Given entries –
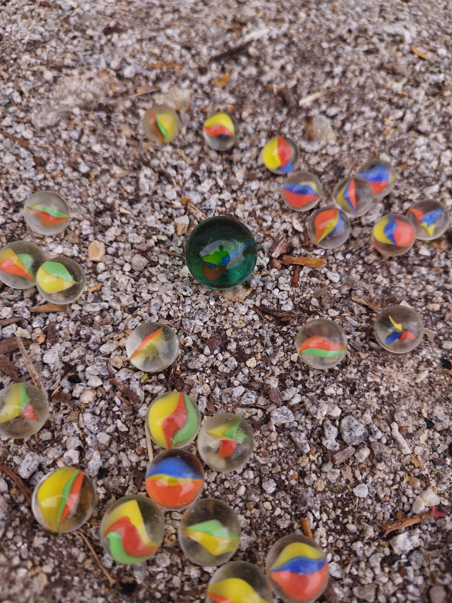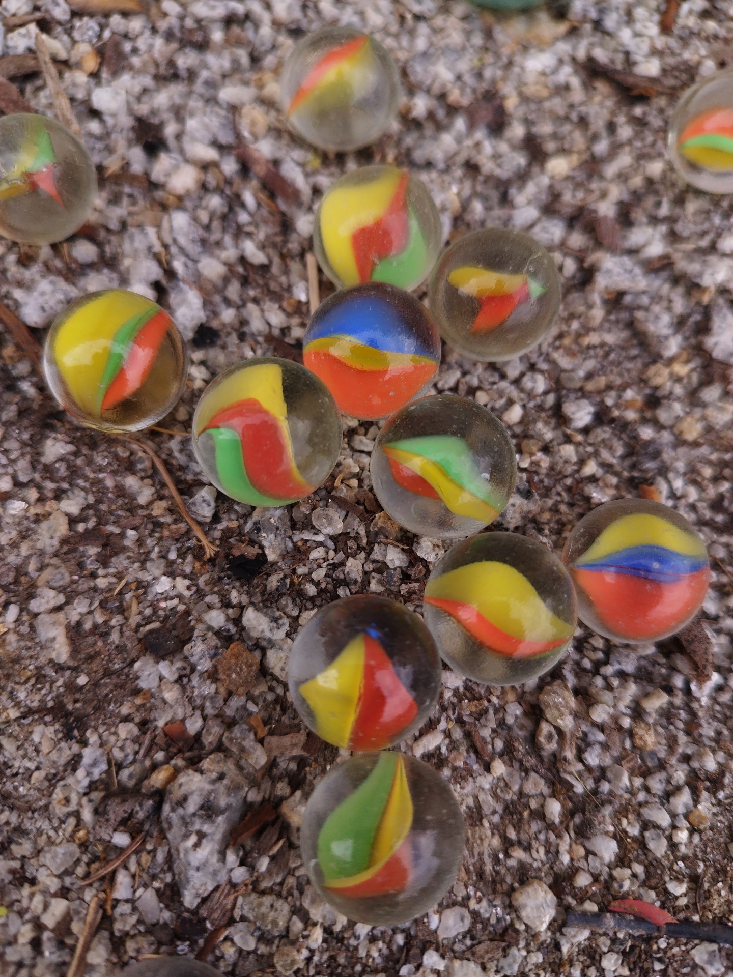 ✅ Conjunto com 51 berlindes de vidro: 50 pequenos e 1 grande.
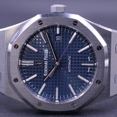 Audemars Piguet Royal Oak Lady kombinerer klassisk elegance med sporty luksus. Den 33 mm store stålkasse er prydet med en diamantbesat ottekantet krans og en sort skive med “Grande Tapisserie”-mønster. Uret leveres på en sort læderrem og er det perfekte valg til den stilbevidste kvinde, der ønsker eksklusivitet i et tidløst design.
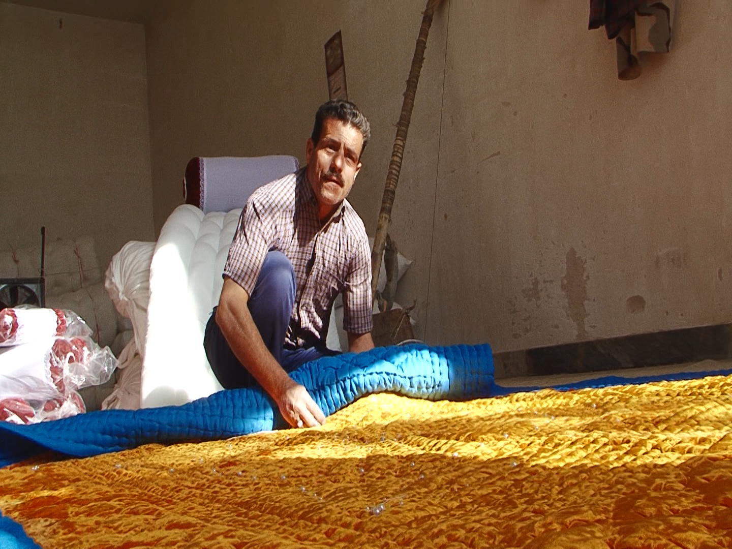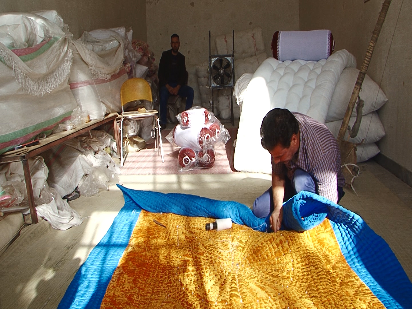چند مغازه پایین تر آقا رضا هم داشت لحاف کرسی می دوخت، آقا رضا هم که معتقد بود زمستان ها کسب کارش بهتر است گفت:«لحاف کرسی سه متر و نیم در سه متر نیم است و 120سانتی متر هم از کنار کرسی رها می شود تا افراد بتوانند بهتر از آن استفاده کنند».
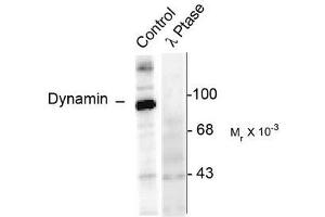 Specific for the ~95k Dynamin protein phosphorylated at Ser774. This antiboy labels the purified protein phosphorylated in vitro by CDK5 but not by PKC. Does not cross react with other purified substrates of CDK5 (e.g. Amphiphysin and Synapsin). Immunolabeling is blocked by lambda-phosphatase treatment.
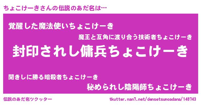 | ポケモン風あだ名 | 『チョチュウ』『ヒチョコケーキ』 |
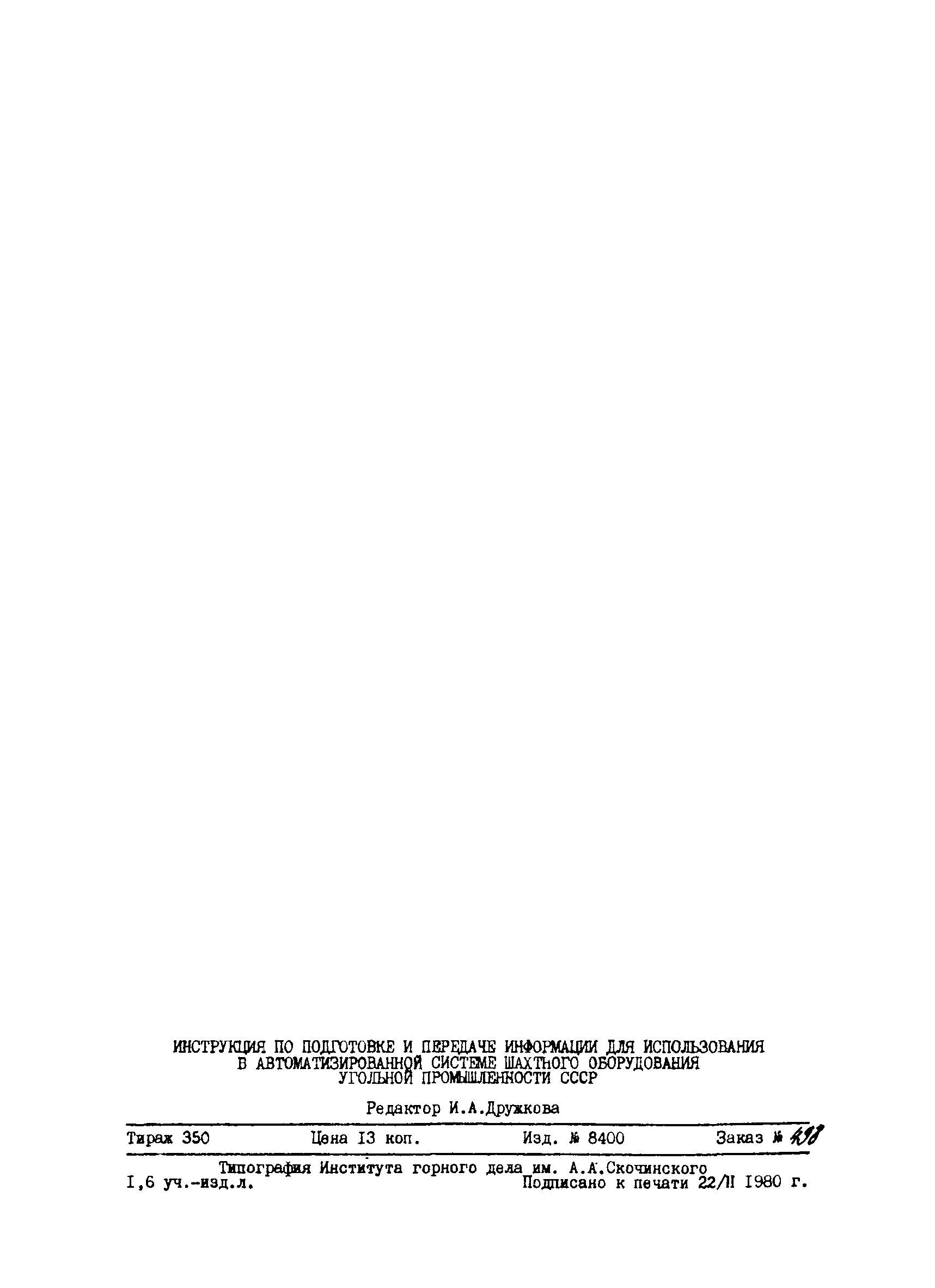 | Название рус.: | Инструкция по подготовке и передаче информации для использования в автоматизированной системе шахтного оборудования угольной промышленности СССР |
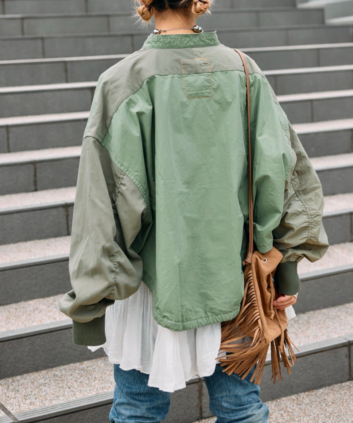 身頃部分と袖部分の切り替えが、おしゃれ見えするジャケットが登場。

Required work – Pictures in the records above are to be left out of an otherwise exact copy.

Answer to the problem –
 ✅ Conjunto com 51 berlindes de vidro: 50 pequenos e 1 grande.
 Audemars Piguet Royal Oak Lady kombinerer klassisk elegance med sporty luksus. Den 33 mm store stålkasse er prydet med en diamantbesat ottekantet krans og en sort skive med “Grande Tapisserie”-mønster. Uret leveres på en sort læderrem og er det perfekte valg til den stilbevidste kvinde, der ønsker eksklusivitet i et tidløst design.
چند مغازه پایین تر آقا رضا هم داشت لحاف کرسی می دوخت، آقا رضا هم که معتقد بود زمستان ها کسب کارش بهتر است گفت:«لحاف کرسی سه متر و نیم در سه متر نیم است و 120سانتی متر هم از کنار کرسی رها می شود تا افراد بتوانند بهتر از آن استفاده کنند».
 Specific for the ~95k Dynamin protein phosphorylated at Ser774. This antiboy labels the purified protein phosphorylated in vitro by CDK5 but not by PKC. Does not cross react with other purified substrates of CDK5 (e.g. Amphiphysin and Synapsin). Immunolabeling is blocked by lambda-phosphatase treatment.
 | ポケモン風あだ名 | 『チョチュウ』『ヒチョコケーキ』 |
 | Название рус.: | Инструкция по подготовке и передаче информации для использования в автоматизированной системе шахтного оборудования угольной промышленности СССР |
 身頃部分と袖部分の切り替えが、おしゃれ見えするジャケットが登場。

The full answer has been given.